THE INPUT
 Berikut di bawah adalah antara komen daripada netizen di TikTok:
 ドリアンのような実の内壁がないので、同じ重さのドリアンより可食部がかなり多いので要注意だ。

* * *

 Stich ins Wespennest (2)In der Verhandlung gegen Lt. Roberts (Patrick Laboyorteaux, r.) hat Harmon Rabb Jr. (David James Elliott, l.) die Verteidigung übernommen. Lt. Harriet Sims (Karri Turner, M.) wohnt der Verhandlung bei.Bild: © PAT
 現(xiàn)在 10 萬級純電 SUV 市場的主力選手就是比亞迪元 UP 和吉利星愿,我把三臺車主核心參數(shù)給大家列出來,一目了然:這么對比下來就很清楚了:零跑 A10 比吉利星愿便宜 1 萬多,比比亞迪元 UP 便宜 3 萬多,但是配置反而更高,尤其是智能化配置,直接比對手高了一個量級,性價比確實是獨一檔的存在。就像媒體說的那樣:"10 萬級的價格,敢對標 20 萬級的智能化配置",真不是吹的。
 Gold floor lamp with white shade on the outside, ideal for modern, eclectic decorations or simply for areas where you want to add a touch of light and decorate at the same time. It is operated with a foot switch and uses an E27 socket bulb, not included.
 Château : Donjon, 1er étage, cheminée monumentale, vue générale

TASK OBJECTIVE
The response should be the listing above, limited to the lines between the one holding "Berikut di bawah" and the one holding "ドリアンのような実の内壁がな", inclusive, reproduced exactly.

EXPECTED ANSWER
 Berikut di bawah adalah antara komen daripada netizen di TikTok:
 ドリアンのような実の内壁がないので、同じ重さのドリアンより可食部がかなり多いので要注意だ。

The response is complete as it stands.